Diagnostic Imaging
September 2003
RADIOLOGY INFORMATICS
Wired radiology transforms imaging practice in U.S.
Technological advances and workforce shortage push teleradiology from night reads to daytime rural settings and beyond
By: Cynthia Keen
More scanners producing more images and the continuing shortage of radiologists have created something of a crisis in radiology: images that are requested but risk going unread and unused, or worse, misread by the wrong people. Unlike in times past, however, teleradiology is jumping in to fill the gap.
Networks are springing up to redistribute the image interpretation workload. What was once a nighttime phenomenon has become a workflow solution. The result is a medically wired nation where the operating principle may soon be any image, any time, anywhere.

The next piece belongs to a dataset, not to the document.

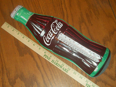Title (ebay affiliate link): Vintage Embossed Coca-Cola Coke Tin Bottle Advertising Thermometer 16 1/2" Tall

The original concept of teleradiology evolved in the late 1970s as a way for medical facilities lacking radiologists to obtain some level of diagnostic imaging consultation. The first analog camera-on-a-stick commercial systems were used almost exclusively for this purpose. As the image quality of these products improved, they spared many on-call radiologists night trips to the hospital and thus acquired the moniker of "on call" or "convenience" teleradiology. Twenty years after its introduction, teleradiology has come full circle. It is now being aggressively utilized to confront the national radiologist shortage.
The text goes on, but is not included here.